* WHAT YOU WILL DO
Leaving out every picture, quote the data below exactly as it appears.

* GIVEN DATA
Segment Open

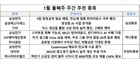이혁진 삼성증권 연구원은 이번주의 투자 포인트로 '2024년 주도주 찾기'를 제시하며 "1월에 강한 업종과 테마가 올해의 주도주가 될 가능성이 높다"고 말했다.
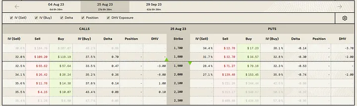 ######Captura de tela do quadro de opções. Você pode ver os preços das opções de compra à esquerda e das opções de venda à direita. Estas são opções de ETH com vencimento em 25 de agosto. Fonte: app.rysk.finance.
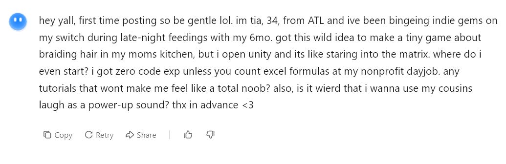 >>544597125Also making posts like this>>544597835>I am biding my time and canceled my first date last second because I realized I needed some me-time alreadyHe knows how this looks, this isn't something to tell strangers on the internet. He doesn't care because it gets him attention. This is why he belongs on lolcow forums and not in here with people who just want to make games. He is a full blown, face plastered on the internet wagging his dick at everyone lolcow. And he will never be satisfied until he graduates from shitting up gamedev threads. Then he can finally have all the attention he craves.
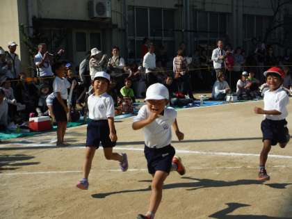 今年の1年生は、直線ではなくコーナーを含むかけっこに挑戦しました。みんな笑顔でゴールしていたのが印象的でした。

Segment Closed

* RESULT FOR THIS TASK
이혁진 삼성증권 연구원은 이번주의 투자 포인트로 '2024년 주도주 찾기'를 제시하며 "1월에 강한 업종과 테마가 올해의 주도주가 될 가능성이 높다"고 말했다.
 ######Captura de tela do quadro de opções. Você pode ver os preços das opções de compra à esquerda e das opções de venda à direita. Estas são opções de ETH com vencimento em 25 de agosto. Fonte: app.rysk.finance.
 >>544597125Also making posts like this>>544597835>I am biding my time and canceled my first date last second because I realized I needed some me-time alreadyHe knows how this looks, this isn't something to tell strangers on the internet. He doesn't care because it gets him attention. This is why he belongs on lolcow forums and not in here with people who just want to make games. He is a full blown, face plastered on the internet wagging his dick at everyone lolcow. And he will never be satisfied until he graduates from shitting up gamedev threads. Then he can finally have all the attention he craves.
 今年の1年生は、直線ではなくコーナーを含むかけっこに挑戦しました。みんな笑顔でゴールしていたのが印象的でした。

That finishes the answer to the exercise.